Heart Lecture Flashcards
Pulmonary vs Systemic Circuit
Pulmonary: right side of heart that carries blood to lungs for gas exchange
Systemic: left side of heart that carries oxygenated blood to all tissues and returns it to heart
Describe the pericardial sac that encloses the heart
the pericardium is a double walled sac that encloses the heart in order to prevent friction
Parietal pericardium: superficial fibrous layer of connective tissue
Visceral pericardium (epicardium): serous membrane covering the heart
Describe the three layers of the heart wall
Visceral pericardium (epicardium): serous membrane with some adipose in thick layers
Myocardium: layer of cardiac muscle that is spiraled around the heart in order to make a wringing motion
-fibrous skeleton of heart: framework of collagenous and elastic fibers
Endocardium: smooth innerlining of heart and blood vessels that covers the surfaces of the valves
List the four chambers of the heart
- right and left atria
-Receive blood returning to the heart - Right and left ventricle
-pumps blood into arteries
-the interventricular septum seperates the ventricles
List the four valves of the heart
Function: ensure one way blood flow
- Tricuspid valve
- Bicuspid Valve
- Pulmonary semilunar valve: Opening between right ventricle and pulmonary trunk
- Aortic semilunar valve: opening between left ventricle and aorta
How does blood flow through the chambers?
- Deoxygenated blood enters through the right atrium
- Blood flows through the tricuspid valve and into the right ventricle
- Heart contracts and pulmonary semilunar valve open
- Blood flows through the pulmonary semilunar valve and enters the lungs to unload CO2
- Oxygenated blood returns to left atrium.
- Blood flows through the bicuspid valve and into the left ventricle
- Heart contracts and the aortic semilunar valve opens
- Blood flows through the aortic semilunar valve and to the body, where oxygen is unloaded.
Describe how the heart pumps blood to itself.
- Right coronary artery: supplies right atrium and sinoatrial node
For Lab:
2. Left coronary artery contains a descending artery that supplies blood to both ventricles and 2/3 of interventricular septum
- Cicumflex branch: supplies left atrium and posterior wall of left ventricle
Venous Drainage:
-coronary blood drains directly into the right atrium
What makes cardiac muscle unique? (Structure of cardiac muscle and metabolism)

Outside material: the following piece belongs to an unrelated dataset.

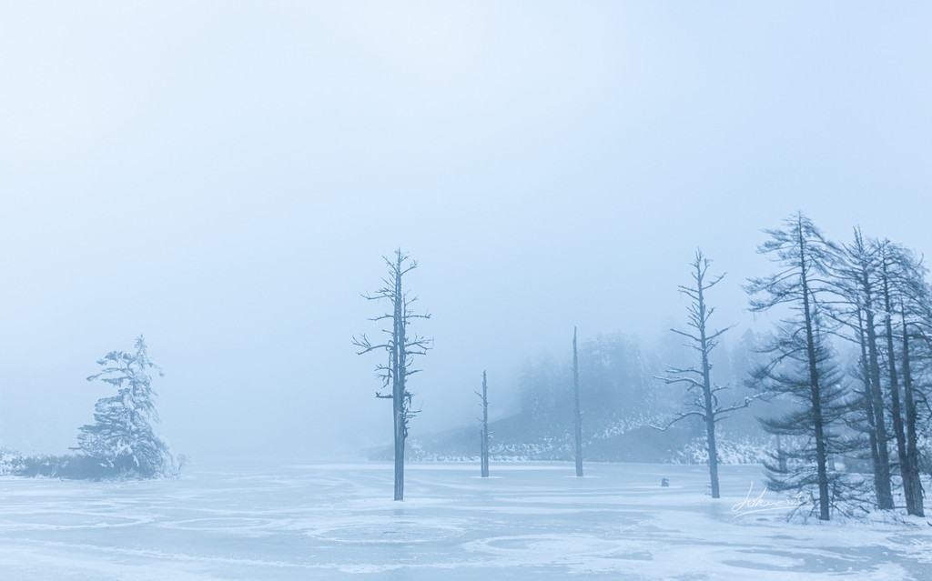 吃完午饭后,继续徒步前往到达鸳鸯池,感受鸳鸯池冰湖雪景,除了周遭的雾气比较大,却还是让人感觉沉浸在冰雪的童话世界里。雾中的鸳鸯池若隐若现又是另一番不同的感觉。

-They are striated and joined together through intercalated discs, where gap junctions exist
-Huge mitochondria
-Dark in color due to excess myoglobin (excess oxygen) and glycogen(glucose) so that aerobic respiration can occur for ATP cell energy
-depends only on aerobic respiration and can use different organic fuels
-fatigue resistant; but it is most vulnerable to oxygen deficiency
Descibe the action potential in cardiac muscle (myocardium)

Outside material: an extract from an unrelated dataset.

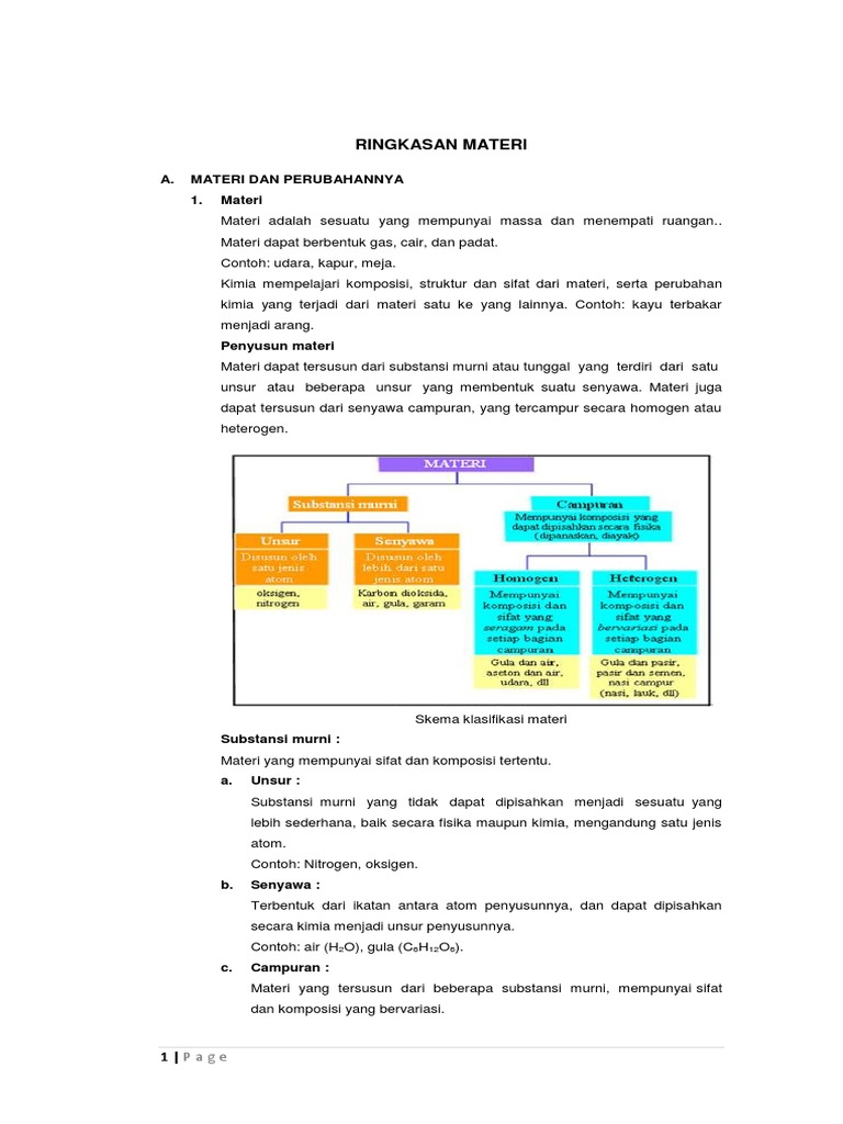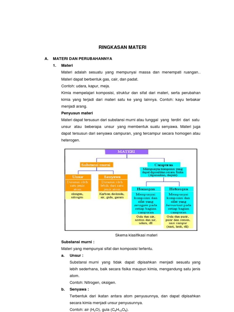 Klasifikasi Materi Kimia Serta Sifat Sifat Dan Perubahannya My

- Depolarization: stimulus opens Na+ gates and Na+ rush in, membrane depolarizes rapidly, and Na+ gates close quickly (similar to skeletal muscles)
- Plateau Phase: Lasts for milliseconds, where it sustains the contraction for expulsion of the blood from heart
-it lengthens the span of time that the action potential occupies
-this happens due to calcium being slowly released from sarcoplasmic reticulum
-this impacts the absolute refractory period; peak tension - Repolarization: cardiomyocytes begin to relax a little bit
-relative refractory
Describe the heart’s pacemaker and conduction system (how does the heart contract?)
Function: the pacemaker coordinates the heart beat and conduction pathways through the myocardium
- Sinoatrial node: a patch of modified cardiomyocytes that is non contractile
-determines the heart rate
-bad at holding resting membrane potential
-signals spread through the atria
-tells other cells to contract with electrical potential traveling through gap junctions - Atrioventricular Node: the gateway to the ventricles because the heart’s fibrous skeleton makes it difficult for the electrical current to spread
- From the AV node, the signal travels through the AV bundle and into the interventricular septum
-Specifically, the right bundle branch and left bundle branch
-in the left bundle branch, the signal goes to the papillary muscles and contracts the Purkinje fibers(subendothelial conducting network)
Systole vs Diastole
systole: contraction
diastole: relaxation
Describe cardiac output
the cardiac output is the volume ejected by the ventricles per minute.
heart rate is one of the factor:
-avg 60 bpm
-factors impacting heart rate: age, sex, activity level, and K+ or Ca+ ions may impact it
Stroke volume is the second factor:
-preload: the tension within the ventricle impacts how much blood can enter. Exercise impacts this.
-contractility: can the muscle contract? Ion imbalances can impact this
-afterload: is anything preventing the blood from leaving the ventricle? The elasticity of systemic arteries or aorta can impact this.